### Action item
Verbatim output required. Print the data in full.

### Dataset records
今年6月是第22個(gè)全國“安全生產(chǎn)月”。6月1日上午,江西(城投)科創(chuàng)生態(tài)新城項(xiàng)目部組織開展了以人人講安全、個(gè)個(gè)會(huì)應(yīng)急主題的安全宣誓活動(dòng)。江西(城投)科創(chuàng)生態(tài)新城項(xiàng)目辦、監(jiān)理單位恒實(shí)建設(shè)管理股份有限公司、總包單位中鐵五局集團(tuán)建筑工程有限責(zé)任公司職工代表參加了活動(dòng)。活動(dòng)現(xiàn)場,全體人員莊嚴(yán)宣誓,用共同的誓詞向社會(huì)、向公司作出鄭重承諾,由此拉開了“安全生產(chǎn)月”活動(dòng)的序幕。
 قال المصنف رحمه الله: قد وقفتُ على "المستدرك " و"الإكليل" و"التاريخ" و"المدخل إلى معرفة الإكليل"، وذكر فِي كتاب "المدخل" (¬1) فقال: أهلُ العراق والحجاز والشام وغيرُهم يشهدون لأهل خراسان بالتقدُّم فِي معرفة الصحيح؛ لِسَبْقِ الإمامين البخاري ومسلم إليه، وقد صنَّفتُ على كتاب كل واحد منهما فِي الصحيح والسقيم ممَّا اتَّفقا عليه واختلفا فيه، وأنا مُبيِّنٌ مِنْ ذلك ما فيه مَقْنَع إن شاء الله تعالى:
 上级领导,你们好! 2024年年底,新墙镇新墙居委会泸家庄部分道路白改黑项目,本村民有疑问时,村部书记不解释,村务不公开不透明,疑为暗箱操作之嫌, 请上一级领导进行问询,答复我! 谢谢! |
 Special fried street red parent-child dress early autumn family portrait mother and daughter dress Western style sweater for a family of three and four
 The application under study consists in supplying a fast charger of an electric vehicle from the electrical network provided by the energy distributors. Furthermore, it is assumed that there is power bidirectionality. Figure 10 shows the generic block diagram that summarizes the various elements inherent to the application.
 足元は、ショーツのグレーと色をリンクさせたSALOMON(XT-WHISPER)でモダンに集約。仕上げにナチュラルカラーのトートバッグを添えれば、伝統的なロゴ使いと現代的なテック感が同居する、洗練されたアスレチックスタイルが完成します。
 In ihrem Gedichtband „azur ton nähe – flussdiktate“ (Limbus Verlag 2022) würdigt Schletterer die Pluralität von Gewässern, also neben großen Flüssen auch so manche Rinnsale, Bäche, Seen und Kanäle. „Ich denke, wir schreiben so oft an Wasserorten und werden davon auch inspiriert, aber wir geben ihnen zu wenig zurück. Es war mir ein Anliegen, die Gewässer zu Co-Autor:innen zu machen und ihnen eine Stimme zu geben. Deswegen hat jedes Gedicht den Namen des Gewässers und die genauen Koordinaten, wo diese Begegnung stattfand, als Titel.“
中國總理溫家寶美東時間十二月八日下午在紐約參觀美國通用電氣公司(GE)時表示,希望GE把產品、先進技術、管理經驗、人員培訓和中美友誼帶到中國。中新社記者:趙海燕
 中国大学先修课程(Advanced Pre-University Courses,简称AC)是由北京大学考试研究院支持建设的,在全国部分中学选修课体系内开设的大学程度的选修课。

### Final answer
今年6月是第22個(gè)全國“安全生產(chǎn)月”。6月1日上午,江西(城投)科創(chuàng)生態(tài)新城項(xiàng)目部組織開展了以人人講安全、個(gè)個(gè)會(huì)應(yīng)急主題的安全宣誓活動(dòng)。江西(城投)科創(chuàng)生態(tài)新城項(xiàng)目辦、監(jiān)理單位恒實(shí)建設(shè)管理股份有限公司、總包單位中鐵五局集團(tuán)建筑工程有限責(zé)任公司職工代表參加了活動(dòng)。活動(dòng)現(xiàn)場,全體人員莊嚴(yán)宣誓,用共同的誓詞向社會(huì)、向公司作出鄭重承諾,由此拉開了“安全生產(chǎn)月”活動(dòng)的序幕。
 قال المصنف رحمه الله: قد وقفتُ على "المستدرك " و"الإكليل" و"التاريخ" و"المدخل إلى معرفة الإكليل"، وذكر فِي كتاب "المدخل" (¬1) فقال: أهلُ العراق والحجاز والشام وغيرُهم يشهدون لأهل خراسان بالتقدُّم فِي معرفة الصحيح؛ لِسَبْقِ الإمامين البخاري ومسلم إليه، وقد صنَّفتُ على كتاب كل واحد منهما فِي الصحيح والسقيم ممَّا اتَّفقا عليه واختلفا فيه، وأنا مُبيِّنٌ مِنْ ذلك ما فيه مَقْنَع إن شاء الله تعالى:
 上级领导,你们好! 2024年年底,新墙镇新墙居委会泸家庄部分道路白改黑项目,本村民有疑问时,村部书记不解释,村务不公开不透明,疑为暗箱操作之嫌, 请上一级领导进行问询,答复我! 谢谢! |
 Special fried street red parent-child dress early autumn family portrait mother and daughter dress Western style sweater for a family of three and four
 The application under study consists in supplying a fast charger of an electric vehicle from the electrical network provided by the energy distributors. Furthermore, it is assumed that there is power bidirectionality. Figure 10 shows the generic block diagram that summarizes the various elements inherent to the application.
 足元は、ショーツのグレーと色をリンクさせたSALOMON(XT-WHISPER)でモダンに集約。仕上げにナチュラルカラーのトートバッグを添えれば、伝統的なロゴ使いと現代的なテック感が同居する、洗練されたアスレチックスタイルが完成します。
 In ihrem Gedichtband „azur ton nähe – flussdiktate“ (Limbus Verlag 2022) würdigt Schletterer die Pluralität von Gewässern, also neben großen Flüssen auch so manche Rinnsale, Bäche, Seen und Kanäle. „Ich denke, wir schreiben so oft an Wasserorten und werden davon auch inspiriert, aber wir geben ihnen zu wenig zurück. Es war mir ein Anliegen, die Gewässer zu Co-Autor:innen zu machen und ihnen eine Stimme zu geben. Deswegen hat jedes Gedicht den Namen des Gewässers und die genauen Koordinaten, wo diese Begegnung stattfand, als Titel.“
中國總理溫家寶美東時間十二月八日下午在紐約參觀美國通用電氣公司(GE)時表示,希望GE把產品、先進技術、管理經驗、人員培訓和中美友誼帶到中國。中新社記者:趙海燕
 中国大学先修课程(Advanced Pre-University Courses,简称AC)是由北京大学考试研究院支持建设的,在全国部分中学选修课体系内开设的大学程度的选修课。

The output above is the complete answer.